Look through the data below for the line with "4月3日,社会各界代表在中国人民抗日战争纪念馆向抗战英烈献花。" and the line with "Như vậy, từ", then transcribe exactly from the first through the second, leaving out all pictures.

+++ Data shown +++

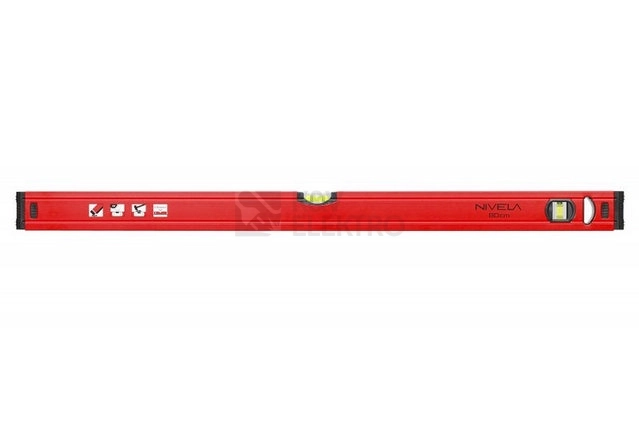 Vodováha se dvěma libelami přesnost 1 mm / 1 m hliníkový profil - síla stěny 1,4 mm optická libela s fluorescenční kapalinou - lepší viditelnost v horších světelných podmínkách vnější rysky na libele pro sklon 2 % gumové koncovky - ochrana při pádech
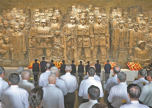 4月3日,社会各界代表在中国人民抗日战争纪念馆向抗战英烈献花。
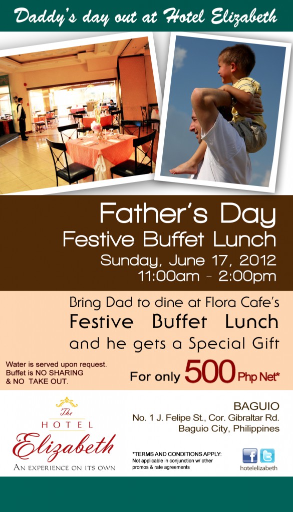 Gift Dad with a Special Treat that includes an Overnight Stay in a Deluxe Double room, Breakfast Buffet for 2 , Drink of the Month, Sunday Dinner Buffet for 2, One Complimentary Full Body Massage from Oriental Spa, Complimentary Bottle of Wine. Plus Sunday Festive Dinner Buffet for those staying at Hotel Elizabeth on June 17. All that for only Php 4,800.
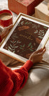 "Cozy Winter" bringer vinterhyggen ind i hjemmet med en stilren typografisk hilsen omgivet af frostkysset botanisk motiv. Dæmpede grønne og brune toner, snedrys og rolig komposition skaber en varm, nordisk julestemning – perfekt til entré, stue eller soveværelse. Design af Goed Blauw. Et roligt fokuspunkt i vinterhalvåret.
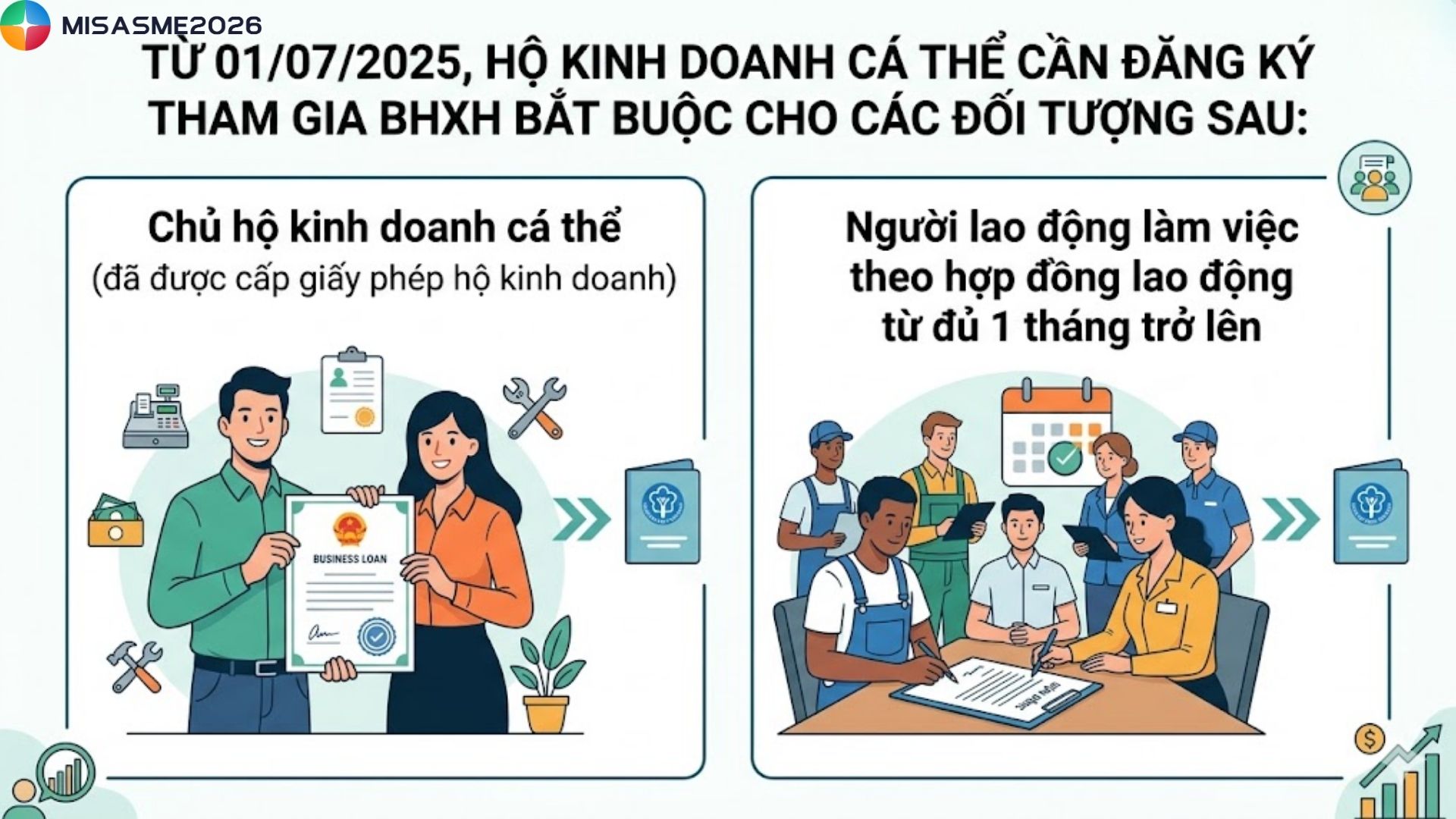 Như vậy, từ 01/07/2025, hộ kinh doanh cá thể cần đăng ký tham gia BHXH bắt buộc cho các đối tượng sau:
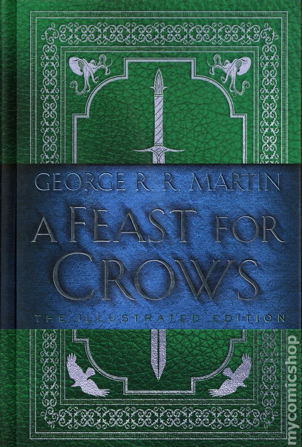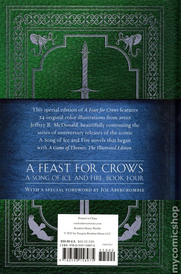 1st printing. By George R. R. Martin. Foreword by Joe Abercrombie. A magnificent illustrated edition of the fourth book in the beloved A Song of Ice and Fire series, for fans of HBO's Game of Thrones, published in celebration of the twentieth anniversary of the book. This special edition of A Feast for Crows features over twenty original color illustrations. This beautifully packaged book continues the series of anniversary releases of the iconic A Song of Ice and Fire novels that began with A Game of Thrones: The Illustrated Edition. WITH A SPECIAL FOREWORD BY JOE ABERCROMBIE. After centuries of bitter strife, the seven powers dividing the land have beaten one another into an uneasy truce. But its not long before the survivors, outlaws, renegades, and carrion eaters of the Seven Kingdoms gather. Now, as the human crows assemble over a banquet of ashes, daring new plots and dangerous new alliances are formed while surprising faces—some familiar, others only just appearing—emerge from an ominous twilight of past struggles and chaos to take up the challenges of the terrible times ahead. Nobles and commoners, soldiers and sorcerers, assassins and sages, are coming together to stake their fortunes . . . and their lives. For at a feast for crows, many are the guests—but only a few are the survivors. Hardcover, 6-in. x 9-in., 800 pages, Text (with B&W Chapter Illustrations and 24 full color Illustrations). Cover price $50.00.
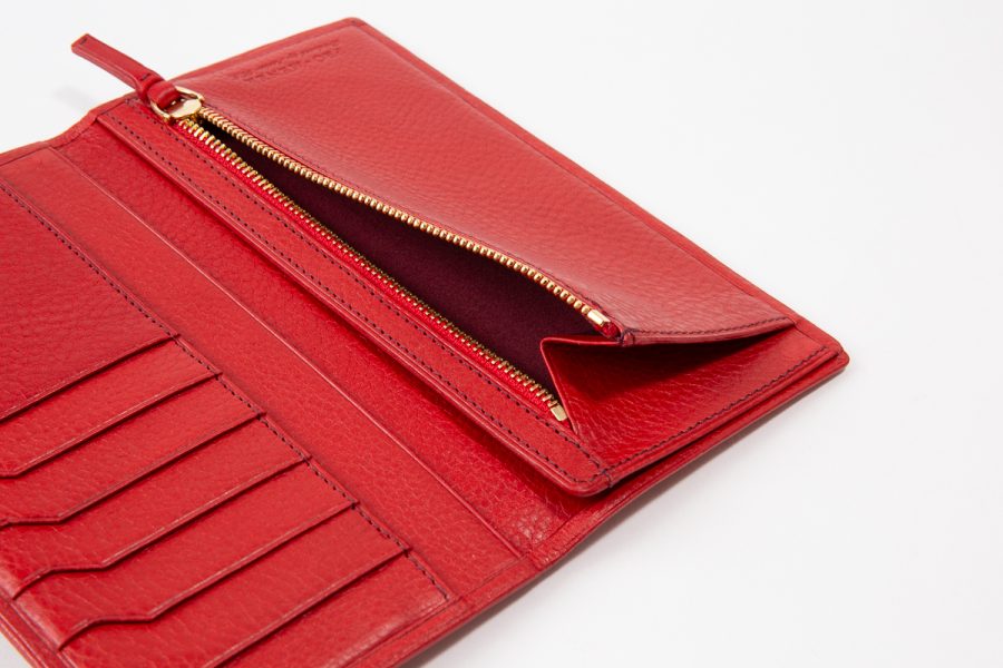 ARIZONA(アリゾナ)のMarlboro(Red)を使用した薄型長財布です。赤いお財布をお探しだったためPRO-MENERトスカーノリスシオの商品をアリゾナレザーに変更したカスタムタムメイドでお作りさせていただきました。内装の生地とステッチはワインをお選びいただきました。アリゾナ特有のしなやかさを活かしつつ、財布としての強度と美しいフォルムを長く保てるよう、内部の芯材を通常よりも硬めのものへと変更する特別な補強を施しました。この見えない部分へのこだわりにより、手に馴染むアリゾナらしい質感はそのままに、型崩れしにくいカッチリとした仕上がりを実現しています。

+++

**Solution for this problem**
 4月3日,社会各界代表在中国人民抗日战争纪念馆向抗战英烈献花。
 Gift Dad with a Special Treat that includes an Overnight Stay in a Deluxe Double room, Breakfast Buffet for 2 , Drink of the Month, Sunday Dinner Buffet for 2, One Complimentary Full Body Massage from Oriental Spa, Complimentary Bottle of Wine. Plus Sunday Festive Dinner Buffet for those staying at Hotel Elizabeth on June 17. All that for only Php 4,800.
 "Cozy Winter" bringer vinterhyggen ind i hjemmet med en stilren typografisk hilsen omgivet af frostkysset botanisk motiv. Dæmpede grønne og brune toner, snedrys og rolig komposition skaber en varm, nordisk julestemning – perfekt til entré, stue eller soveværelse. Design af Goed Blauw. Et roligt fokuspunkt i vinterhalvåret.
 Như vậy, từ 01/07/2025, hộ kinh doanh cá thể cần đăng ký tham gia BHXH bắt buộc cho các đối tượng sau:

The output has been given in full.